Posted on September 13, 2025 by Joke Poo

When I hear a knock on the door. I answer and it's one of them door to door missionaries asking if I've found Jesus. I promptly slam the door In their face

A few moments later Jesus comes out of the bathroom saying "good Looks man I did not want to talk to him"

Joke Poo: The Dungeon Master’s Retreat

I was prepping my miniatures for the big campaign night when there’s a rhythmic banging on the thick oak door of my basement. I groan, knowing it’s probably another player running late and needing to borrow dice again. I yank open the door to find a LARPer decked out in full Orcish gear, complete with face paint and a foam axe, yelling, “Have you pledged allegiance to Grond, the Destroyer!” I immediately shove him back and slam the door.

A beat later, my Dungeon Master emerges from behind the snack table, looking relieved. He whispers, “Dude, thanks! I really wasn’t in the mood to deal with him. Some days, you just need a relaxing game of D&D, you know?”

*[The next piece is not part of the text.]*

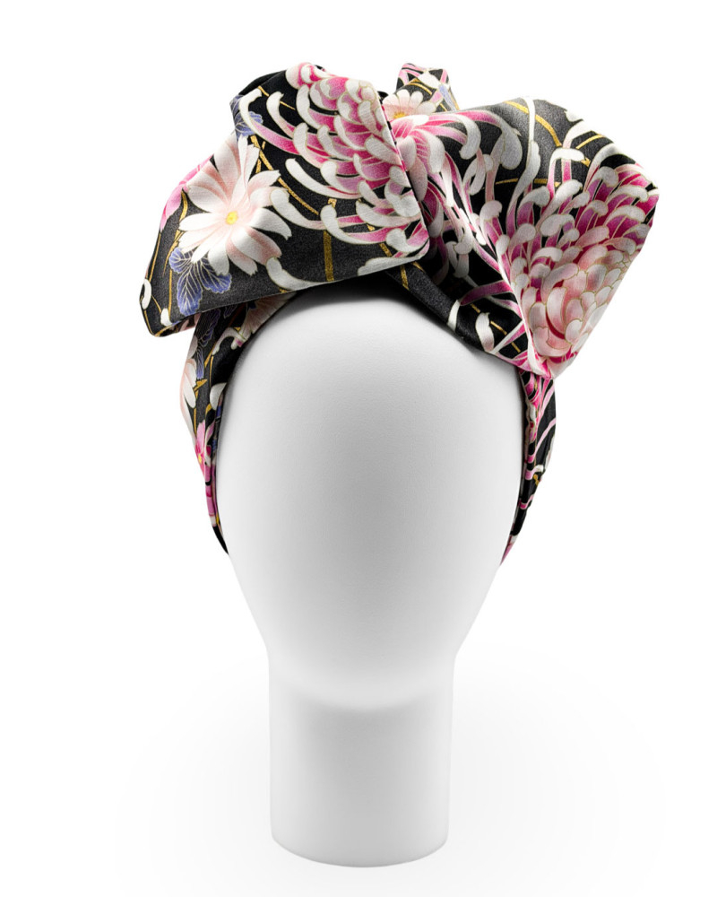 Japanese cotton satin fabric decorated with large colorful chrysanthemums

Alright, let’s break down this joke and see what comedic gold we can mine.

Joke Dissection:

  • Core Concept: A twist on the common door-to-door missionary encounter. The homeowner expects to be bothered by proselytizers, but the joke subverts the expectation by revealing Jesus is already in the house, hiding in the bathroom.
  • Humor Source: The unexpected juxtaposition, the implication that Jesus is avoiding his followers, and the casual, contemporary language (“good looks man”). It’s also mildly sacrilegious (in a playful way), which often adds humor.
  • Key Elements:
    • Door-to-door Missionaries
    • Jesus (the figure)
    • Homeowner/Surprise
    • Bathroom (as a hiding place)

Comedic Enrichment:

Let’s focus on the element of door-to-door missionaries and throw in some quirky facts.

Witty Observation/Joke:

“I saw a pair of missionaries walking down the street the other day, Bibles in hand, looking extremely determined. I almost felt bad for them. Then I remembered that statistically, they’re more likely to be bitten by a dog than to actually convert someone. I considered telling them to carry dog biscuits instead of scripture, but then I realized… maybe the dog was their target audience?”

Why this works:

  • Fact-Based Humor: According to the US Postal Service, door-to-door workers, including missionaries, are more likely to be bitten by dogs than letter carriers. This is a genuine occupational hazard!
  • Absurdist Extension: The joke takes a real statistic and pushes it to a ridiculous conclusion: that the missionaries should be targeting dogs for conversion.
  • Playing with Stereotypes: It subtly pokes fun at the perceived fervor of missionaries and their sometimes unrealistic expectations.
  • Relatability: Most people can relate to encounters with overly enthusiastic salespeople or religious figures, and many have a funny dog story to share.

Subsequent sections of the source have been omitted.